Stored data entries:
[Start of section]
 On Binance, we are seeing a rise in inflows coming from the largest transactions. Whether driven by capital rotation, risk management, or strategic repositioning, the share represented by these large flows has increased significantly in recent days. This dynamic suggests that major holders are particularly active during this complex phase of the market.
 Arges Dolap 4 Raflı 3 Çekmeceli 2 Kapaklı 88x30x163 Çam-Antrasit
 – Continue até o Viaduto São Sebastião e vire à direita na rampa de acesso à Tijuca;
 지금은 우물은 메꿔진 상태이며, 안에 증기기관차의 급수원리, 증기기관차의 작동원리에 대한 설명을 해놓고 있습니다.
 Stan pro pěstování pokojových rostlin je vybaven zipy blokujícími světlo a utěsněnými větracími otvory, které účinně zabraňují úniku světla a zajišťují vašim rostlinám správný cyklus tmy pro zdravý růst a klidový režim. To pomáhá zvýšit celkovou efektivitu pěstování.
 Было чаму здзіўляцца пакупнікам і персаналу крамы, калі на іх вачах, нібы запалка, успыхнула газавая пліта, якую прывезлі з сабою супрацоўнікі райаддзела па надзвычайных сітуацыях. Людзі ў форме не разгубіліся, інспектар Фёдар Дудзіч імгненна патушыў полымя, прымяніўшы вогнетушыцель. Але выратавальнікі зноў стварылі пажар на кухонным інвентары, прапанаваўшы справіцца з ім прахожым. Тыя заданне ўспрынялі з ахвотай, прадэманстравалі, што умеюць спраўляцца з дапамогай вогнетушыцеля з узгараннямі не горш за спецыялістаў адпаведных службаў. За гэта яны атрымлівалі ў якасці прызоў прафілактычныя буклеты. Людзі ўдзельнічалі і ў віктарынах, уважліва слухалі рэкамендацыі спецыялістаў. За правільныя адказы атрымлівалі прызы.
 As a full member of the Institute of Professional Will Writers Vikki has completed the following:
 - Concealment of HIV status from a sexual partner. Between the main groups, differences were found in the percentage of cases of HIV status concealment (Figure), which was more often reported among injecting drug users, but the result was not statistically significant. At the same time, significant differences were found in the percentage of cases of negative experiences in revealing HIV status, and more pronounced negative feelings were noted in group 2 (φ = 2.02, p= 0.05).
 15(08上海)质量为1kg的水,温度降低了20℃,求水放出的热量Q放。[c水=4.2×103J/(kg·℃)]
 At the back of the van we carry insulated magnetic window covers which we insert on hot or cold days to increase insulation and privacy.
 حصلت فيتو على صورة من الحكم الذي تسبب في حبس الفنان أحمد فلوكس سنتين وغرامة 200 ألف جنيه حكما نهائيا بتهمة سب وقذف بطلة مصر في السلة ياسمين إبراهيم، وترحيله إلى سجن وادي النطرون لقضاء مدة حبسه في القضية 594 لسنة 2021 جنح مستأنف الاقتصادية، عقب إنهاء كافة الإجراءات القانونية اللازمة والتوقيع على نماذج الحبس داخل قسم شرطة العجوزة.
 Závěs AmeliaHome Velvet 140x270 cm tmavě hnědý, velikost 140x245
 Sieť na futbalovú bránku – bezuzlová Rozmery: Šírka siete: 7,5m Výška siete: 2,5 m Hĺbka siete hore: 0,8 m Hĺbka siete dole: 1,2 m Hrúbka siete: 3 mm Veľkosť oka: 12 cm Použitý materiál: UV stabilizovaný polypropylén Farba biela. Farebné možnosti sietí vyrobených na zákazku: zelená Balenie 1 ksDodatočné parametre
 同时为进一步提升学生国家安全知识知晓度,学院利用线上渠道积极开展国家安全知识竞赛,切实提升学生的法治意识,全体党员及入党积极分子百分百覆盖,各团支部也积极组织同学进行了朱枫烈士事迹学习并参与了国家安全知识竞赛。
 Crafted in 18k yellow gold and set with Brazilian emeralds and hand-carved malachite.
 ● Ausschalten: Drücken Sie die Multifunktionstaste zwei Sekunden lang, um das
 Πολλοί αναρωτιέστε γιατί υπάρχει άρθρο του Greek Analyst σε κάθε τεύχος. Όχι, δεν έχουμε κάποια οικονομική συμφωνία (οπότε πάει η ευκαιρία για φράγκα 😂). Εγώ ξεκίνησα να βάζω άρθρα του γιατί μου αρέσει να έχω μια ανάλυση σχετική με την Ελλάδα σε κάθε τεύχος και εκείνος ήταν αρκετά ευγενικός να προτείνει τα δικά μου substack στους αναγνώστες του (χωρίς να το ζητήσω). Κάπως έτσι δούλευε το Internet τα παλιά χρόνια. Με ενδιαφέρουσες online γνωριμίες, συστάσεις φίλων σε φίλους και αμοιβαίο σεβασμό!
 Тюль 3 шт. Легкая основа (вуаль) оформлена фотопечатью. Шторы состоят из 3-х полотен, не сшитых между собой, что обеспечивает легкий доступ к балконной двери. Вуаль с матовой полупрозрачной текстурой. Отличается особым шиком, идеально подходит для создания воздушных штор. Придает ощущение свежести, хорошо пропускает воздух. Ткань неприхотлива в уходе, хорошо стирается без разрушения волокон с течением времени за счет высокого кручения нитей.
[End of section]
WHAT YOU HAVE TO DO
Write out again, exactly, the lines from the start of the entries up to and including the one with "Stan pro pěstování". Nothing else belongs in the reply.

RESULT BELOW
 On Binance, we are seeing a rise in inflows coming from the largest transactions. Whether driven by capital rotation, risk management, or strategic repositioning, the share represented by these large flows has increased significantly in recent days. This dynamic suggests that major holders are particularly active during this complex phase of the market.
 Arges Dolap 4 Raflı 3 Çekmeceli 2 Kapaklı 88x30x163 Çam-Antrasit
 – Continue até o Viaduto São Sebastião e vire à direita na rampa de acesso à Tijuca;
 지금은 우물은 메꿔진 상태이며, 안에 증기기관차의 급수원리, 증기기관차의 작동원리에 대한 설명을 해놓고 있습니다.
 Stan pro pěstování pokojových rostlin je vybaven zipy blokujícími světlo a utěsněnými větracími otvory, které účinně zabraňují úniku světla a zajišťují vašim rostlinám správný cyklus tmy pro zdravý růst a klidový režim. To pomáhá zvýšit celkovou efektivitu pěstování.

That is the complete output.